Сперва она залезла под стол. Однако стол стоит в самом центре комнаты, и к нему свободно можно подойти со всех сторон! Тогда она села на диван и крепко прижалась к спинке. И опять оставалось расстояние между спиной и стенкой в спальню. Там вполне мог кто-то поместиться! Аделаида металась по комнате, не зная, что делать. Если все вот эти, которые наполнили комнату, не исчезают и не прогоняются, то должно же в квартире быть хотя бы безопасное место!
Шкаф! Как здорово! Шкаф! Как она могла про него забыть! Замечательный, такой большой, с двумя створками. Мама зовёт его «гардероб». Да, пусть он будет «гардероб»! Когда частенько они с Сёмкой играют в прятки, Аделаида прячется от него в гардероб, а потом выпрыгивает на брата, и тот страшно пугается. Он орёт, закрывает лицо руками, но потом им опять становится весело. Правда, мама не разрешает делать такие вещи, говорит, что весь шкаф упадёт, и прямо на Аделаиду. Но сейчас-то никого дома нет, значит – и ругать её некому! Как только кончится дождь и уйдёт «это» из соседней комнаты, она тут же и вылезет!
Ах! Как уютно и тепло было в шкафу! Темновато, правда, немного, но если дверь не закрывать полностью, а оставить ма-а-аленькую щёлочку, то тут вполне можно просидеть и до прихода мамы и папы. И ещё очень замечательно пахнет нафталином от зимних вещей и мамиными духами.
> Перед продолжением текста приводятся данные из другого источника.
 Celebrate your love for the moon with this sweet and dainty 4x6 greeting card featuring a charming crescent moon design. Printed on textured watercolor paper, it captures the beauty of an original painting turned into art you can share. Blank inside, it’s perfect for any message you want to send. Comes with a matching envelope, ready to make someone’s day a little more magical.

Кажется, мама кому-то рассказывала, что это «Быть может…», польские духи.
Аделаида любила эти запахи: так пах её дом, где нет дождя и мокрых веток акаций. Она примостилась на какой-то узел, немного поелозила, успокоилась и начала мечтать.
Ей вспомнилось, как у неё, пока она не пошла в школу, была «масса времени», по выражению мамы. Слово «масса» напоминало ей кусок масла. Она догадывалась, что имелось ввиду «много времени». Да, действительно было! А как они с Кощейкой в эту массу лазили к ней в огород смотреть пчёл, и одна залезла Аделаиде в волосы и очень больно ужалила! Как вместе кормили хлебом очередного Кощейкиного ничьего щенка. Щенок ни за что не хотел есть хлеб, и они вдвоём запихивали ему в розовую пасть жёванные мякиши. Как шили куклам наряды, забившись в угол у Кощейки дома между кухонной стенкой и столом. Аделаиде захотелось, чтоб всё это вернулось снова, чтоб вернулось время, когда не было ни «Морины и Муки», ни Ленки Кусовой, которая так и не дала никому сесть к ней за парту; ни такого дождя. «Разве может время бежать так быстро?! – думала Аделаида. – Всего только несколько месяцев я школьница, а кажется, что это уже целые сто лет!». Неужели теперь всю жизнь так будет?!